-- Opening Marker --
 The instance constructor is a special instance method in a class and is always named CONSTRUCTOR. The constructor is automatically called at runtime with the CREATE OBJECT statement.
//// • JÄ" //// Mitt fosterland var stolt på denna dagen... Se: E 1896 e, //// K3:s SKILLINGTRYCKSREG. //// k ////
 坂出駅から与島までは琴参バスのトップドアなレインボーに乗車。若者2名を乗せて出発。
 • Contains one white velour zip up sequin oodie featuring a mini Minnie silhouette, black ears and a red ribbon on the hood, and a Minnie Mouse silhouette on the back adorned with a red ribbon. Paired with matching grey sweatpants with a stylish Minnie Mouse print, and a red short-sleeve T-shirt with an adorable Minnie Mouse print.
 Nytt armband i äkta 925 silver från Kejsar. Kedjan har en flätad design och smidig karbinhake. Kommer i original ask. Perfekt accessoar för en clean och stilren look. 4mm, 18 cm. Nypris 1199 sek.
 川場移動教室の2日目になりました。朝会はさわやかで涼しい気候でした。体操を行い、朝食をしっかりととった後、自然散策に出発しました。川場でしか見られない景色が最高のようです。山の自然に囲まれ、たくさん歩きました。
-- Closing Marker --
-- Opening Marker --
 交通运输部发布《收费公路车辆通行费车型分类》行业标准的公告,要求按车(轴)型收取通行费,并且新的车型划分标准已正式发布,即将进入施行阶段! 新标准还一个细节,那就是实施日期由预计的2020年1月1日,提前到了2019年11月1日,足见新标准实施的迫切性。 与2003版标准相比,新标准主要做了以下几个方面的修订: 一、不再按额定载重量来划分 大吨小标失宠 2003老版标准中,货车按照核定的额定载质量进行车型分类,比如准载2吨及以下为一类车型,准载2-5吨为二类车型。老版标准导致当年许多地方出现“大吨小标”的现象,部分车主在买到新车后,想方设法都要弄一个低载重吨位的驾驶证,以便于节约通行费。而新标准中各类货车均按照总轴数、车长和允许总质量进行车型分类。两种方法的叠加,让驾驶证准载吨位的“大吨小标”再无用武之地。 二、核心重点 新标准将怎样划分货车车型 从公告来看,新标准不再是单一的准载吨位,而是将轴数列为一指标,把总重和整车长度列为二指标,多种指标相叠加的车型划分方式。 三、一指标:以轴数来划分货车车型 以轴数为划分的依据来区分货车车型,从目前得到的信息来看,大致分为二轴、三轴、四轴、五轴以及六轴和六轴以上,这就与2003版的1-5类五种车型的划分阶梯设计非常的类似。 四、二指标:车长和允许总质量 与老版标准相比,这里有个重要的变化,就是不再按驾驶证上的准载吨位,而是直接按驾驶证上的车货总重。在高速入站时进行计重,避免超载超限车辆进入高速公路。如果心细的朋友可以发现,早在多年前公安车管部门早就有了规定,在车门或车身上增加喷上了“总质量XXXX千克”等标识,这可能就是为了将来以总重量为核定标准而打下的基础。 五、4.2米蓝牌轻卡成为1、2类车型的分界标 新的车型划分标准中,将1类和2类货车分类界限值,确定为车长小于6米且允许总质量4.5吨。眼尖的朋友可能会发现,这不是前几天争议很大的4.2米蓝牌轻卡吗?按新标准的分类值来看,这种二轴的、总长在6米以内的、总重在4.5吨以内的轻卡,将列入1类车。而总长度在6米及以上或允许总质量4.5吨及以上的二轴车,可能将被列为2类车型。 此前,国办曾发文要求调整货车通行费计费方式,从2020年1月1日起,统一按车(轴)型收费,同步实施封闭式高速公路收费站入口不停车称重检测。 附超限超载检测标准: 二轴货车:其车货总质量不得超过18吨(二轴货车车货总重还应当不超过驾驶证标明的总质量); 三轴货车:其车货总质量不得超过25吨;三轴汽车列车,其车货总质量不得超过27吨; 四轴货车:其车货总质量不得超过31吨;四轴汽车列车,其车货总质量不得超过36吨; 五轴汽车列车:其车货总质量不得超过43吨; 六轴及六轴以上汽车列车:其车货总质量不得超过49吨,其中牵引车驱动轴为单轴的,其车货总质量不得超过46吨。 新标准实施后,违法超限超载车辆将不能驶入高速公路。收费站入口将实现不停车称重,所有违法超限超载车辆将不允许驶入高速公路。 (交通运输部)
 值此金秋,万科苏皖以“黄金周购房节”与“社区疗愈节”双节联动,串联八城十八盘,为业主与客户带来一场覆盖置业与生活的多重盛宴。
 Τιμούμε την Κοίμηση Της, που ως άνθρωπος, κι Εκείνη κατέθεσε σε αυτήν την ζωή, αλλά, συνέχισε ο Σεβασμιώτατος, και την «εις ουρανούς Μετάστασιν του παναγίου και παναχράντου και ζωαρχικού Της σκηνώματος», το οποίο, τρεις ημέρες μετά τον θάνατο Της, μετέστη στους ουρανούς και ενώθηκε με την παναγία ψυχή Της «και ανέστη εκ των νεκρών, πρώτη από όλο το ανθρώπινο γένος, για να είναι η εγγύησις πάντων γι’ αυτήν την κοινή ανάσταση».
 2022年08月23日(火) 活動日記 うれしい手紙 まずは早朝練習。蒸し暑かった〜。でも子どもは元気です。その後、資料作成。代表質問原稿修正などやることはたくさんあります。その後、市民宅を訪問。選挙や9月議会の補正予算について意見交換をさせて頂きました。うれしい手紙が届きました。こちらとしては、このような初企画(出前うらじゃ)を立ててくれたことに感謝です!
-- Closing Marker --
- Task instructions:
From the data above, copy every line where "with" appears.

- Written response:
 The instance constructor is a special instance method in a class and is always named CONSTRUCTOR. The constructor is automatically called at runtime with the CREATE OBJECT statement.
 • Contains one white velour zip up sequin oodie featuring a mini Minnie silhouette, black ears and a red ribbon on the hood, and a Minnie Mouse silhouette on the back adorned with a red ribbon. Paired with matching grey sweatpants with a stylish Minnie Mouse print, and a red short-sleeve T-shirt with an adorable Minnie Mouse print.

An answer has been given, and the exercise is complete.